I’m not saying that you have to live in Portland or Brooklyn to be exposed to sweet mini-comics (it would probably help), but I think if you don’t live in an area with lots of comic events and shops and cartoonists like those cities you have to do some digging around.
And it’s not that hard. It’s not like music in that you can’t download comics like you can download music, but I think cartoonists are becoming more internet-responsible with putting up samples and maybe even a few whole-stories that you can read online, and there is a ton of stuff out there that you can find once you have a foot in the door.

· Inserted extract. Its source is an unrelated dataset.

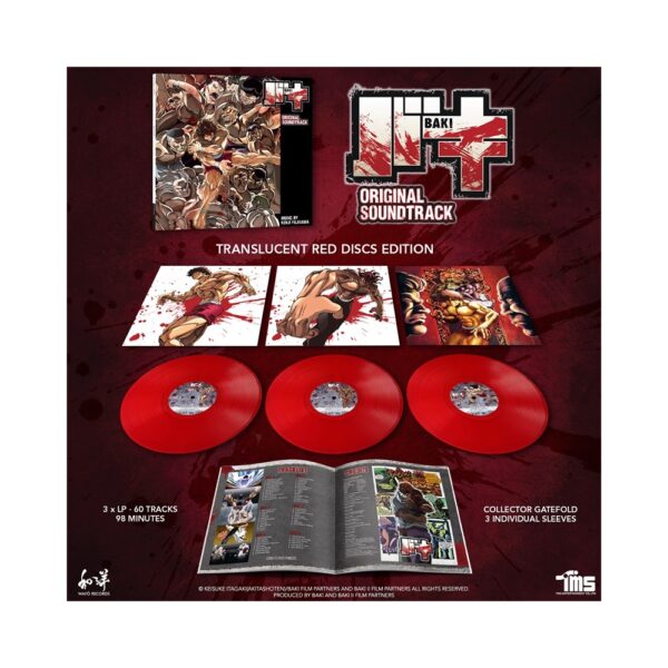 BAKI is the hit series produced by TMS Entertainment and airing from 2018 on Netflix. Here at last is it's smashing soundtrack composed by Kenji Fujisawa, fully remastered in vinyl format in a translucent red 3LP edition!

Often that foot in the door comes from a friend with a recommendation. So if you read a great comic tell a friend! I often have people come to me at a con and tell me that a buddy of theirs showed them one of my mini’s, and that is a very cool thing.
Here are some good sites for getting started with a mini-comics library: Secret Acres; One Percent Press; Tugboat Press; Partyka; Quimby’s Bookstore; I Know Joe Kimpel; Sparkplug Comics; Atomic Books; Microcosm; Alternative Comics.

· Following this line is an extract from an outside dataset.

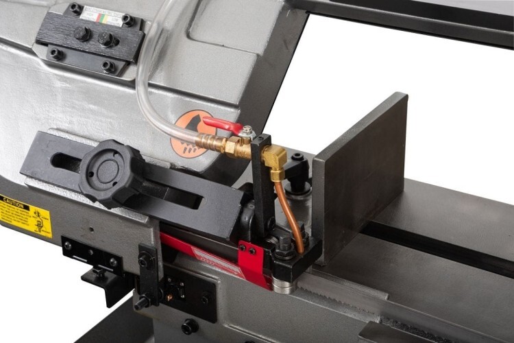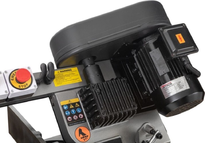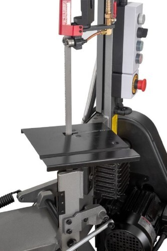 Модель оборудована кнопкой аварийной остановки двигателя, имеет тензометр, с помощью которого можно регулировать силу натяжения ленточной пилы.

I think those are all pretty standard and obvious for people who know about them, but I hope they’re helpful to everyone else.
RV: When did you make your first mini-comic and what was it about? How did you manufacture and distribute it?
JL: After my first few weeks at The Center for Cartoon Studies I was in the production lab (the studio space the students shared, complete with drawing tables, paper-cutters and photocopiers) drawing with my buddy JP Coovert. I showed him some comics I drew for my website.
Just for fun he made photocopies of them and showed me how to lay them out so that I could make a twelve page booklet out of them. We printed up a few of copies and I had my first mini-comic.
The comics were a handful of pseudo-journal strips and jokes, autobiographical for the most part. I gave it to a few of my friends at the school.
A few weeks later I produced my first original mini-comic called I Will Bite You!. It was about an angry monster-boy who went around biting people and eventually taking it too far. I drew it with a pen, laid the pages out in Photoshop and printed the interior pages on a photocopier on regular copy paper. The cover was a two-color screen print on 80lb cover paper (we have a screen-printing lab at CCS).
I distributed it at the Small Press Expo in Bethesda Maryland, and take it to every convention I’ve been to since. I keep in print and have probably printed at least 500 copies over the last four years. It’s also available at Secret Acres.com and One Percent Press.com and I Know Joe Kimpel.com and a few shops that carry mini-comics.